Material for the task ▸
──────────

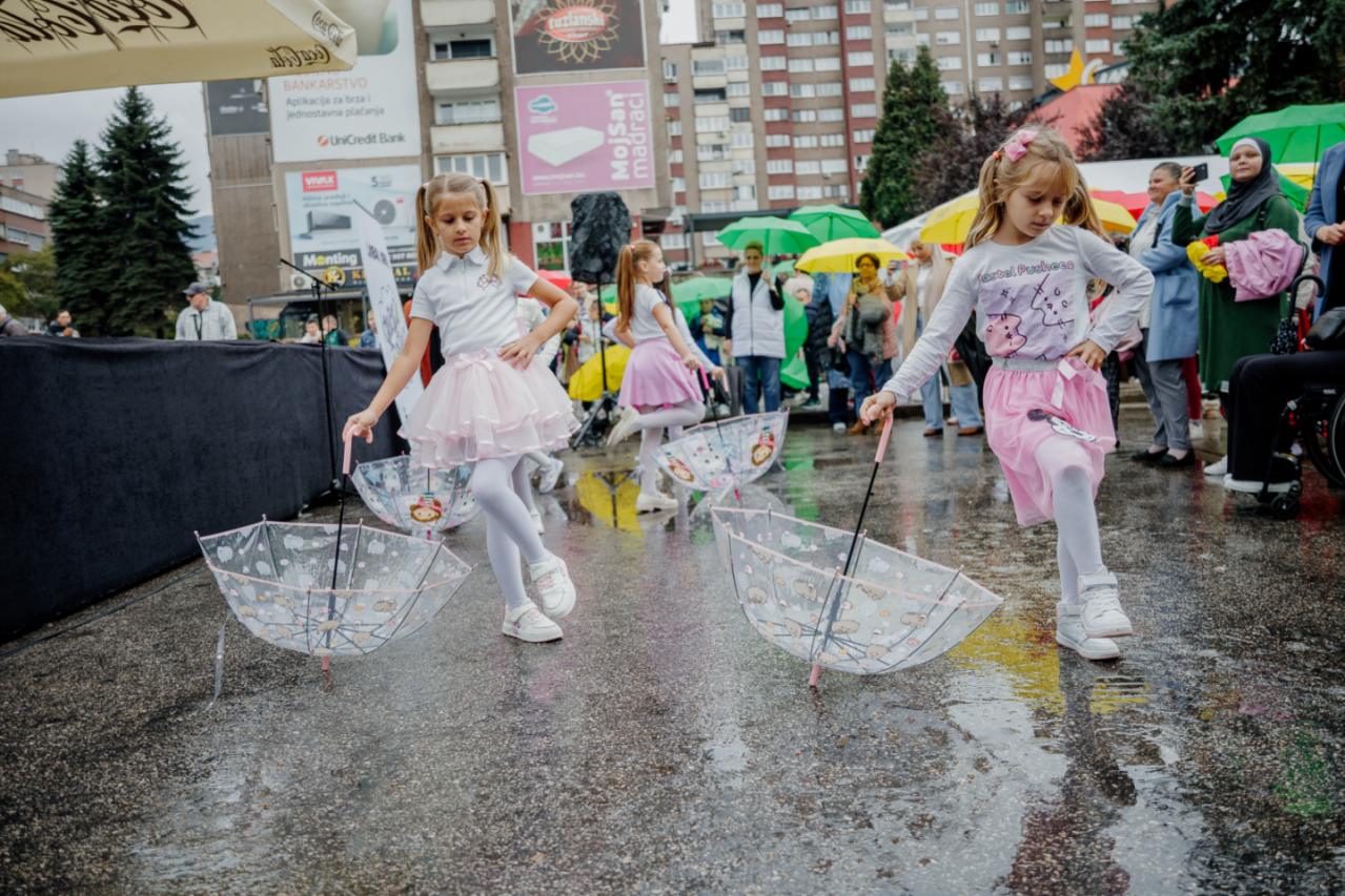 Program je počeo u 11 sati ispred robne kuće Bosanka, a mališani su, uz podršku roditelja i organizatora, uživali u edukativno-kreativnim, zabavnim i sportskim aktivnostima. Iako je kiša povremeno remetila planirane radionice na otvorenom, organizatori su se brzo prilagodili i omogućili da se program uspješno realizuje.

──────────

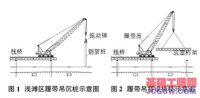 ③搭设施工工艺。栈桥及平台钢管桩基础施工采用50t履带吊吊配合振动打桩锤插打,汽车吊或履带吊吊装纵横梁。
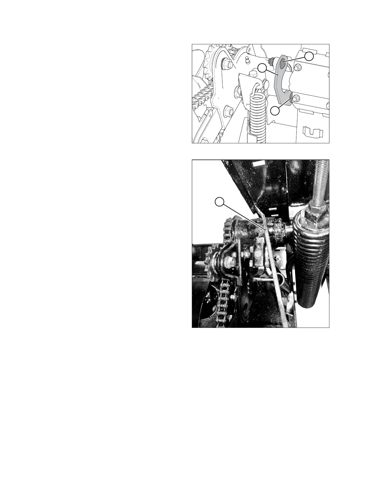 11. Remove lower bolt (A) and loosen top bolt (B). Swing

──────────

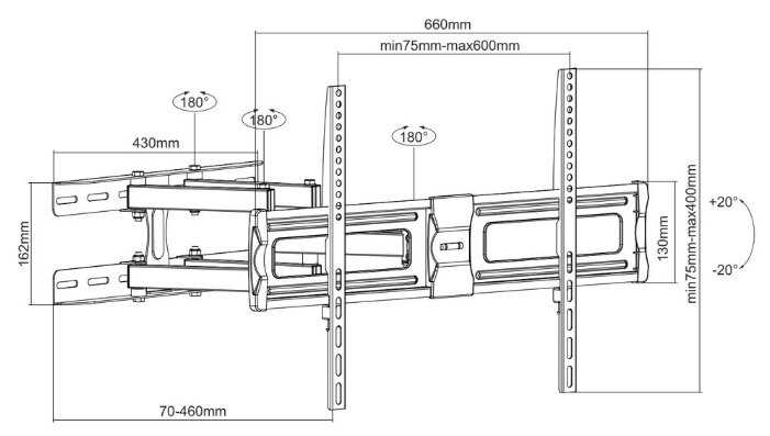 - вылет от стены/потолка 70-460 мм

──────────

Task to complete ▸ Set down again, exactly, every line above from the one with "③搭设施工工艺。栈桥及平台钢" down to the one with "11. Remove lower", both ends included. No pictures, and nothing else.

Finished task ▸
 ③搭设施工工艺。栈桥及平台钢管桩基础施工采用50t履带吊吊配合振动打桩锤插打,汽车吊或履带吊吊装纵横梁。
 11. Remove lower bolt (A) and loosen top bolt (B). Swing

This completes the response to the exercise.